Panj Sau Sakhi
Panj Sau Sakhi, a collection of five hundred anecdotes. attributed to Bhai Ram Kuir (1672-1761), a descendant of Bhai Buddha, renamed Bhai Gurbakhsh Singh as he received the rites of the Khalsa at the hands of Guru Gobind Singh.
It is said that during his long association with Guru Gobind Singh, Ram Kuir had heard from the Guru's mouth many anecdotes concerning the lives of the Gurus which Ram Kuir often narrated to other Sikhs after his return to his village of Ramdas in Amritsar district, after leaving Anandpur during the evacuation of the besieged city was ordered in 1705 by the 10th Guru. Bhai Sahib Singh is said to have committed these sakhis to writing.

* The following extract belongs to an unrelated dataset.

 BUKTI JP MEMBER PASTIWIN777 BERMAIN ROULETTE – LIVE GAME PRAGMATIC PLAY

Later, the written accounts were split into five parts, each comprising one hundred stories whence the title "Sau Sakhi" (or A Hundred Stories) gained currency. These five sections were distributed among Bhai Sahib Singh (the scribe), Kabull Mall, Multani Sura, Bhai Ratia and Bhai Surat Singh of Agra.

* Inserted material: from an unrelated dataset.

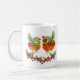 Farbenfroher Hahn mit Henne, grünen Blätter und roten Vincenzerbeeren, Petrykivka Malerei im ukrainischen Stil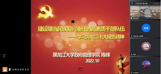 为深入学习宣传贯彻党的二十大精神,切实将师生思想和行动统一到党的二十大精神上来,根据《中共ylzzcom永利线路检测中心委员会学习宣传贯彻党的二十大精神宣讲工作方案》,2022年11月30日化学化工与材料学院和西语学院联合开展学习党的二十大精神理论宣讲,邀请ylzzcom永利线路检测中心党的二十大精神理论宣讲团成员-政府管理学院教授、博士生导师陈辉主讲题为《建设堪当民族复兴重任的高素质干部队伍》的专题宣讲。本次宣讲由化学化工与材料公司党委书记秦川丽主持,化学化工与材料学院、西语学院师生共计两百六十余位师生参加宣讲学习。

Giani Gian Singh, author of the Panth Prakash, is said to have seen two manuscripts of this work; one was in the possesion of a mahant (priest) of Name da Kot and the second in the possesion of Shiv Ram Khatri of Agra. Bhai Kahn Singh of Nabha also seems to have had access to a manuscript copy.
Original Manuscripts Lost
None of these manuscripts, much less an authentic printed version is, however, available today.
Other works' drawn inspiration from Panj Sau Sakhi
The authors of the Gurbilas and Sri Gur Pratap Suraj Granth seem to have drawn upon these anecdotes which are more legendary than historical in character.